Depuis cinq ans, la LPO (Ligue pour la Protection des Oiseaux) s’est constituée partie civile dans des dizaines de procédures de dégazages « ordinaires » en mer. Dans un premier temps, les condamnations ont été exemplaires. Depuis, le bilan est plus mitigé. La LPO demande que le droit international, qui exonère certains navires de poursuites, soit révisé.
Depuis 2005, la LPO s’est constituée partie civile dans plus d’une quarantaine de procédures relatives à des dégazages « ordinaires » de navires en mer (Atlantique-Manche), jugées devant le Tribunal correctionnel de Brest.
Pendant quelques temps, les condamnations ont été exemplaires. Les navires arraisonnés ont versé des cautionnements importants (jusqu’à 1 Million d’euros !) qui permettaient une réparation correcte, sévère et dissuasive de l’État français et une juste indemnisation des parties civiles associatives.
Mais après 5 ans de contentieux, le bilan n’est plus très reluisant. On est en droit de se demander, comme Stéphane Jezequel du Télégramme de Brest[1], s’il « est encore judicieux (pour l’Etat français) d'engager des moyens considérables à l'encontre des navires pollueurs ? ».
En effet, certains procès aboutissent à des échecs pour « avaries » exonératoires de responsabilité (pas de pollution intentionnelle dans les procès Fisher Golf, Chiara DP, Duval et Doujet …).
D’autres s’achèvent par la relaxe des auteurs et l’irrecevabilité des associations au motif que ces navires (armateur et capitaine) ont déjà été condamnés par l’État du pavillon, qu’il soit norvégien, maltais ou lituanien (Transarctic, Fast independance, et très récemment Vytautas…).
Cette dernière pratique est légalisée par des accords internationaux. L’article 228 de la Convention Internationale de Montego Bay oblige ainsi le tribunal du lieu de la pollution à mettre fin automatiquement aux poursuites dès lors que l’État du pavillon en a engagé pour la même infraction et a déjà sanctionné les responsables.
Ainsi, le 20 janvier 2011, dans l’affaire du navire pollueur Vytautas, la Cour d’Appel de Rennes a constaté l’extinction des poursuites en France, les prévenus ayant été condamnés à 22 634 € d’amende par la justice lituanienne.
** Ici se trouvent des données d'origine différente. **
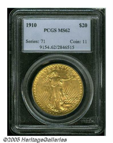<B>1910<$20> MS62 PCGS.</B></I> A lovely double eagle with rich yellow-gold luster. Lightly abraded surfaces as expected, and the design elements are well executed.

Cette condamnation a fait dire à certains, qu’en matière de pollution par les navires, « la Lituanie écrase les prix » [2]!!).
Pour mémoire, le Tribunal Correctionnel de Brest avait préalablement prononcé une amende de 700 000 € (95 % à la charge de l’armateur) et le versement de dommages et Intérêts aux 10 parties civiles (dont 5 300 € pour la LPO).
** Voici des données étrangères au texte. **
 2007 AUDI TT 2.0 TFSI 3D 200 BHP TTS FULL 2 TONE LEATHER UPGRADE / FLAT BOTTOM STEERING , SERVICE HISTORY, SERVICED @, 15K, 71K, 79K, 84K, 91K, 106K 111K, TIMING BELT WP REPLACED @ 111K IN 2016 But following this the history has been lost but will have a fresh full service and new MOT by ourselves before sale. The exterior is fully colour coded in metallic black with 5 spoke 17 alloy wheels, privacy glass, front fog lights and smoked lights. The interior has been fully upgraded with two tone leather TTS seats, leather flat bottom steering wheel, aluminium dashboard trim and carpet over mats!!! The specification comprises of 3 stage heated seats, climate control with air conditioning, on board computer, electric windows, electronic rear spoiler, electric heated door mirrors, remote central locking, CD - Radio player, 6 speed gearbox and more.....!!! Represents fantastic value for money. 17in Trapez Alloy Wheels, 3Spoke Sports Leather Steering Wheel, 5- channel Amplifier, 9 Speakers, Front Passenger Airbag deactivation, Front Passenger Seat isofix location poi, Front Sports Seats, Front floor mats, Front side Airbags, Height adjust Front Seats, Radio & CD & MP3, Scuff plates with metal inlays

Le Secrétaire général de la mer Jean-François Tallec estime qu’il ne faut pas lâcher la pression et « qu’il faut continuer de travailler auprès des États concernés » pour que les sanctions soient conséquentes et dissuasives ».
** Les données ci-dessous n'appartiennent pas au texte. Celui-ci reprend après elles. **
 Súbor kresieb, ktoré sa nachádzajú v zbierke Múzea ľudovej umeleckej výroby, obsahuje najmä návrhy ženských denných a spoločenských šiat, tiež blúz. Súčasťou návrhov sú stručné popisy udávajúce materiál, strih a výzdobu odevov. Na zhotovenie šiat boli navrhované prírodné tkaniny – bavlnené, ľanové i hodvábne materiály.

Pour autant, la LPO reste pessimiste et le cas récent du navire lituanien Vytautas relaxé n’est pas de bon augure.
En effet, quelles « pressions » tangibles l’État français peut-il engager à l’endroit de la justice de Klapeida, Moscou ou des Iles caraïbes Saint-Kitts-et-Nevis pour qu’un navire pollueur ne puisse pas choisir de purger, dans son pays d’origine, la peine la plus avantageuse?
C’est pourquoi, Allain Bougrain Dubourg, Président de la LPO et membre du Comité de Suivi du Grenelle de la Mer, a interpellé la Ministre de l’Ecologie Nathalie Kosciusko-Morizet, le 10 février dernier, afin qu’elle intervienne pour que ce traité international, portant sur ces aspects de procédure, soit révisé.
Au lendemain de l’adoption par le parlement français du Paquet Erika III, sensé renforcer la protection de l’environnement contre les pollutions marines, la LPO et les 9 autres parties civiles déboutées dans l’affaire Vytautas, comme dans d’autres procès qui ont bénéficié de ce « joker international », dénoncent ces lacunes.
Ces dernières écartent toute réparation objective du préjudice réel de l’Etat « hôte » de la pollution ainsi que la réparation des dommages moraux aux associations de sauvegarde de la nature de l’État pollué.